Omit all pictures and transcribe only the lines in the entries below that run from the line with "La nouvelle rue" through the line with "꽃수과를 올려 완성합니다.".

**Record excerpts**
---------------

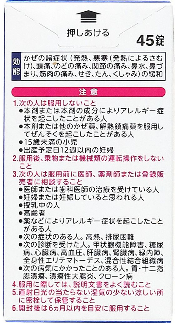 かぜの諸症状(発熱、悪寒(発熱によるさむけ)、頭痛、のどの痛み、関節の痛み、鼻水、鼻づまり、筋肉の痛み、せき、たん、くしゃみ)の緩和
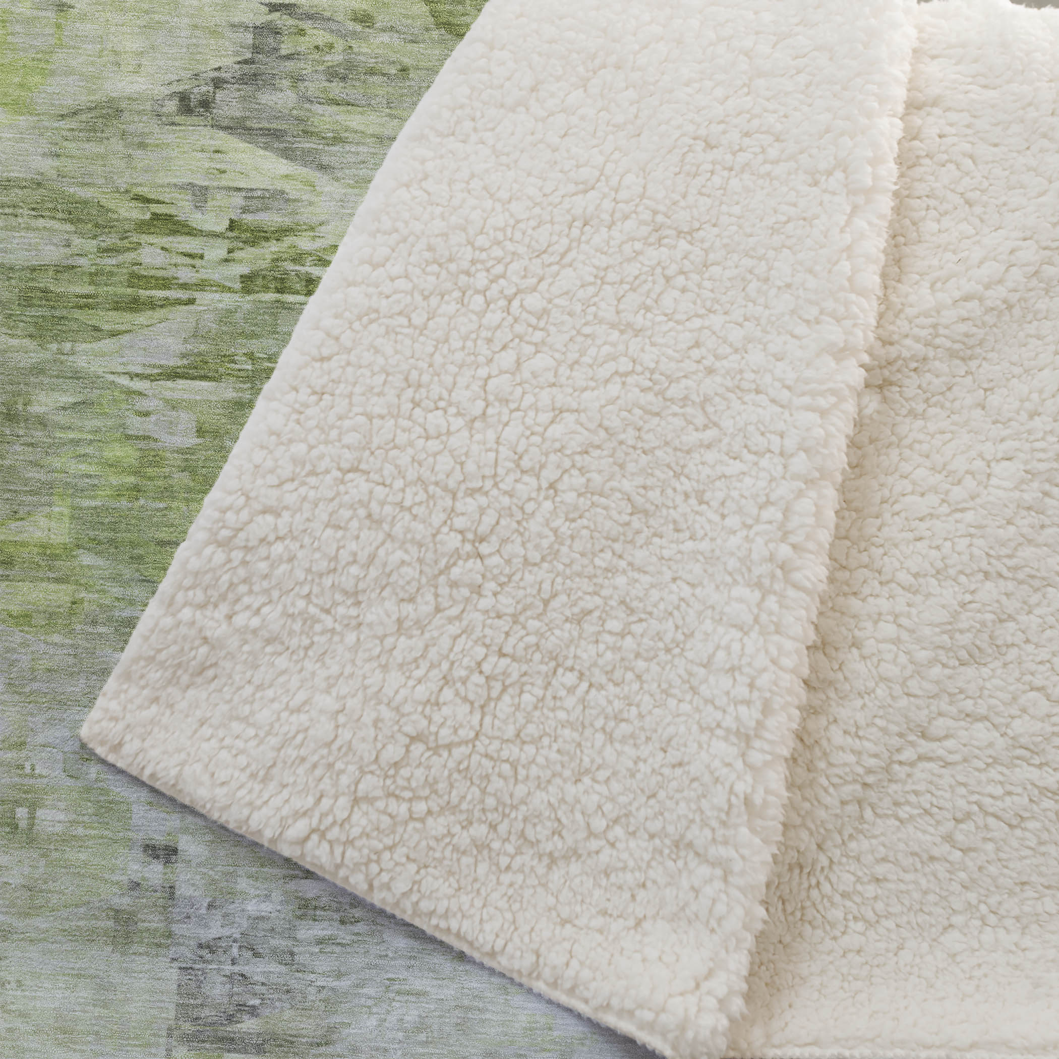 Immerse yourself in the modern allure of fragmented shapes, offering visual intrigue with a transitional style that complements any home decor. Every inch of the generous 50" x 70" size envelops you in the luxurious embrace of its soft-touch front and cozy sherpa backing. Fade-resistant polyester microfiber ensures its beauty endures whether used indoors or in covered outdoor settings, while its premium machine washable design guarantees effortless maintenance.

---------------

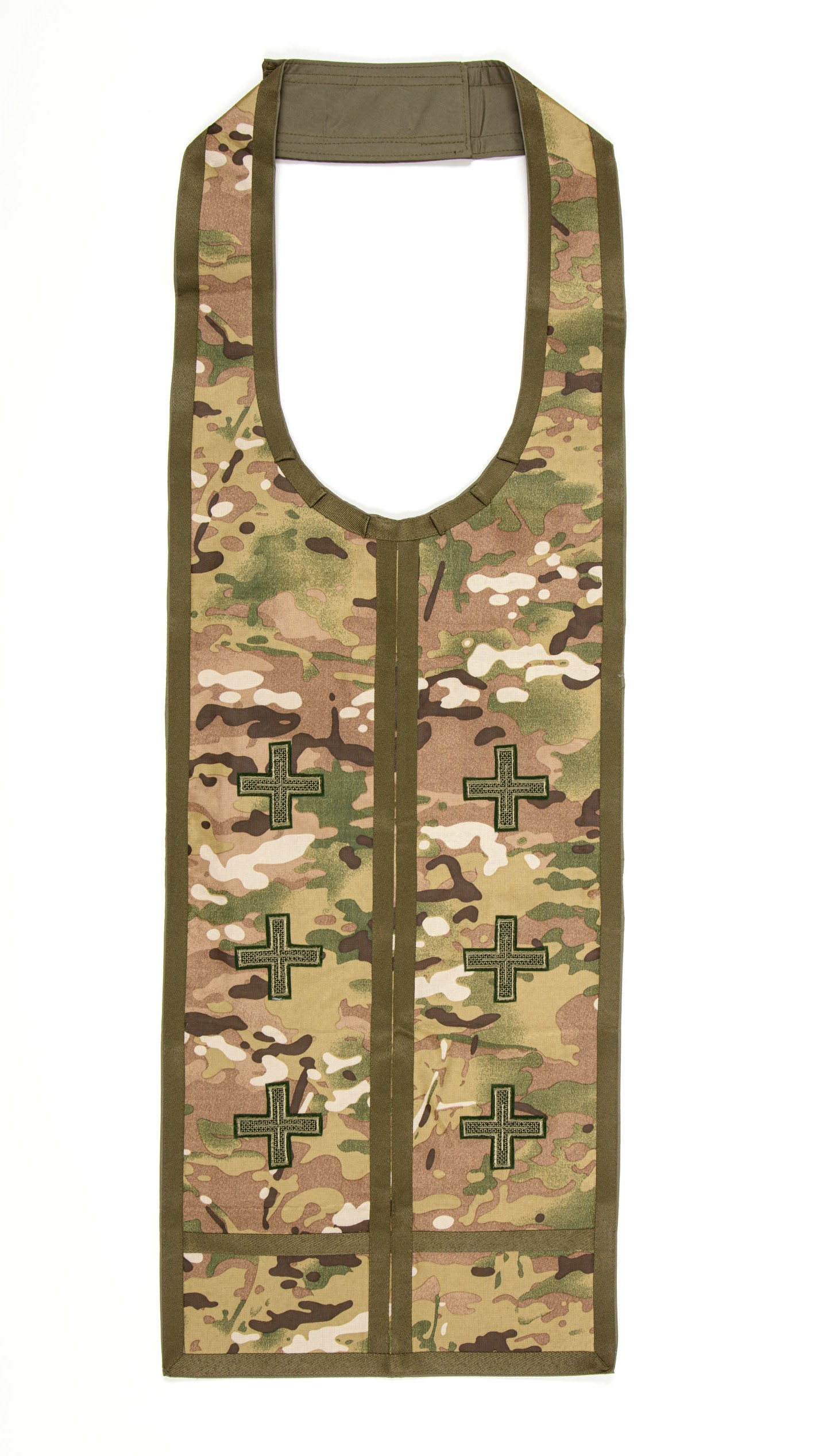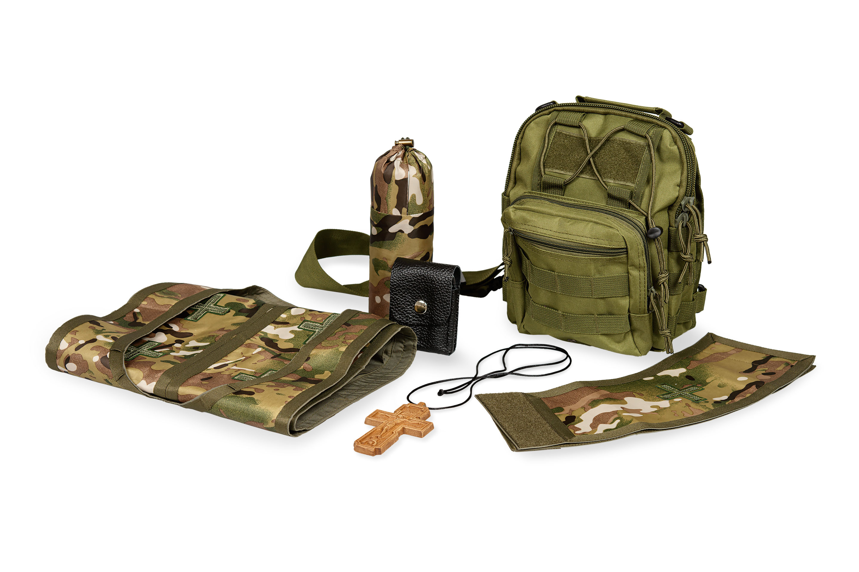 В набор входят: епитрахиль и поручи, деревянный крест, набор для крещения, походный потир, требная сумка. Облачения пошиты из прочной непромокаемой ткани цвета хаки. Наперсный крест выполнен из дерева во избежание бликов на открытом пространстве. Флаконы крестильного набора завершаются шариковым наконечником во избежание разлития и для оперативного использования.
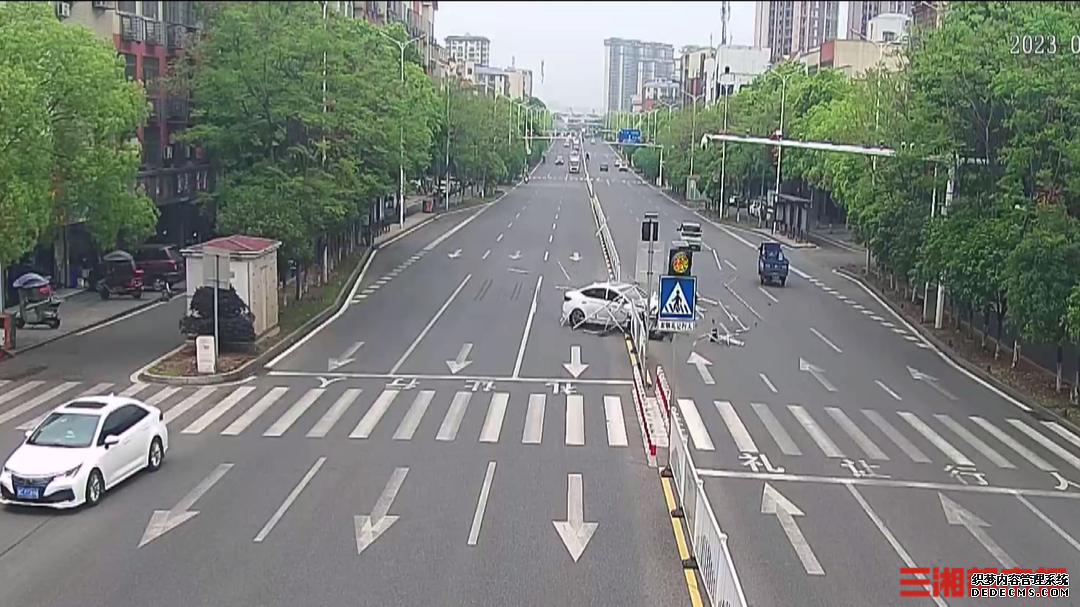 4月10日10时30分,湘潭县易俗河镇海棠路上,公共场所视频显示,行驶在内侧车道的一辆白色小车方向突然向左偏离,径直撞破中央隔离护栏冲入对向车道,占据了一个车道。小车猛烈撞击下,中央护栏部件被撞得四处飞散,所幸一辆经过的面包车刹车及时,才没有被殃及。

---------------

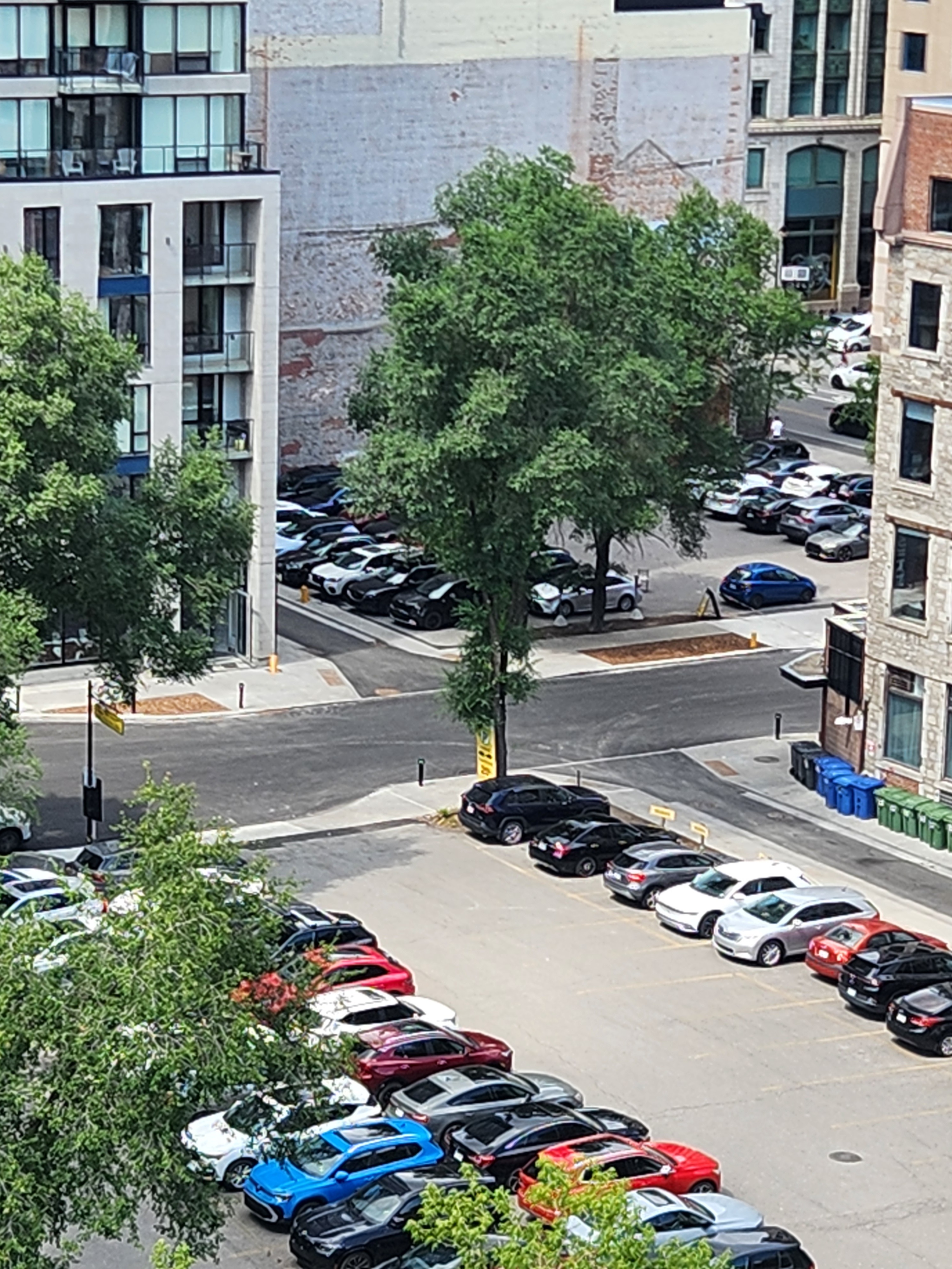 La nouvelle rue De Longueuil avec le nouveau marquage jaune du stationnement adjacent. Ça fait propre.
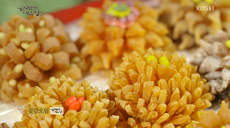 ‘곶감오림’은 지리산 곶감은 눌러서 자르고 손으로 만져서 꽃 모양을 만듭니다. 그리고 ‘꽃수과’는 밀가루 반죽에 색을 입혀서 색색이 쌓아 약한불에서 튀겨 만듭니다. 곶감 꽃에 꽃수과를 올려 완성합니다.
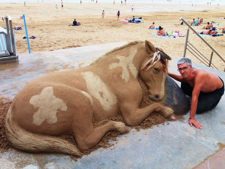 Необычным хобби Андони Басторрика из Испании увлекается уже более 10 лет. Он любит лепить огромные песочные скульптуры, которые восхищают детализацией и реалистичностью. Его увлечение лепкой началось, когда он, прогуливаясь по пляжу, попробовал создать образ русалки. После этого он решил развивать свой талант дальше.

---------------

**Answer for this exercise**
 La nouvelle rue De Longueuil avec le nouveau marquage jaune du stationnement adjacent. Ça fait propre.
 ‘곶감오림’은 지리산 곶감은 눌러서 자르고 손으로 만져서 꽃 모양을 만듭니다. 그리고 ‘꽃수과’는 밀가루 반죽에 색을 입혀서 색색이 쌓아 약한불에서 튀겨 만듭니다. 곶감 꽃에 꽃수과를 올려 완성합니다.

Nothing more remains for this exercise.